We next wanted to assess and compare the birthdate of individual ipRGC subtypes (M1, M2/3, and M4 ipRGCs). To identify M4 ipRGCs from “non-M4” ipRGCs, we immunolabeled Opn4Cre/+; Z/EG retinas for SMI-32. M4 ipRGCs are easily identified as GFP positive, SMI-32 positive, while non-M4 ipRGCs are GFP positive, SMI-32 negative (Fig. 12b). In this line, OFF alpha RGCs can also be identified as GFP negative, SMI-32 positive.
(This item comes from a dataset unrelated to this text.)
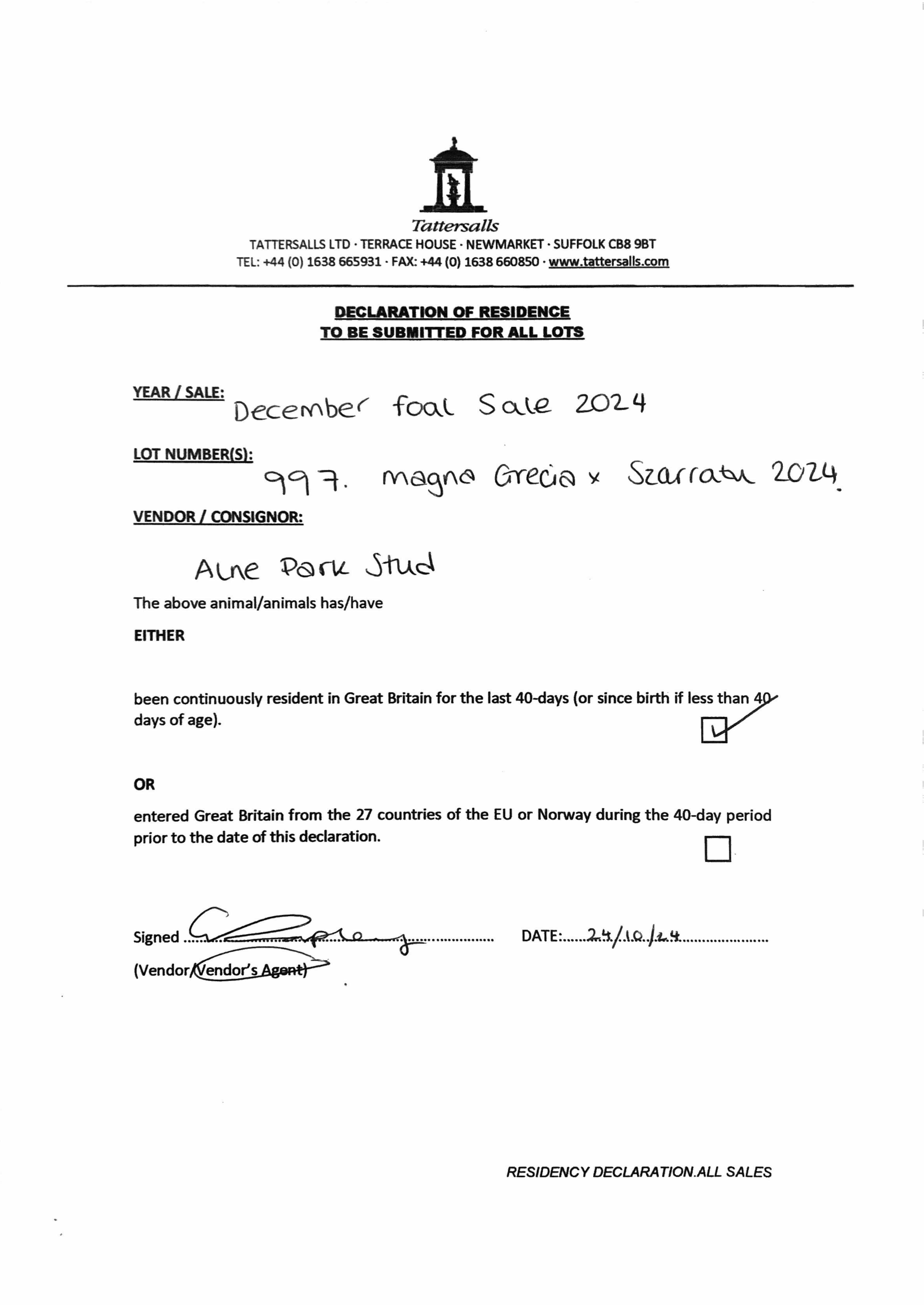 December Foal Sale 2025 lot 961 F. by Blackbeard (IRE) 2025, Alne Park Stud=>Equine Express 5,000 gns

To differentiate M1 and M2/3 ipRGCs, we immunolabeled Opn4LacZ/+; Opn4-GFP mice for LacZ and GFP. M1 ipRGCs will be both GFP and LacZ positive (Fig. 12a), while M2/3 ipRGCs should be GFP positive, LacZ negative (though some M3 ipRGCs may be LacZ positive, see [37]; Fig. 12a). In agreement with our broad comparisons in Fig. 11, we find that M1, M2, and M4 ipRGCs are all primarily born on E11 and E12 (Fig. 12c, d). Interestingly, when we compared the birthdate of M4/ON alpha RGCs and OFF alpha RGCs, we find that the OFF alpha RGCs continue to be born through E13 (Fig. 12e, f), highlighting an important difference in birthdate between the ON and OFF alpha RGC population, despite these cells being considered part of the same class of (alpha) RGC.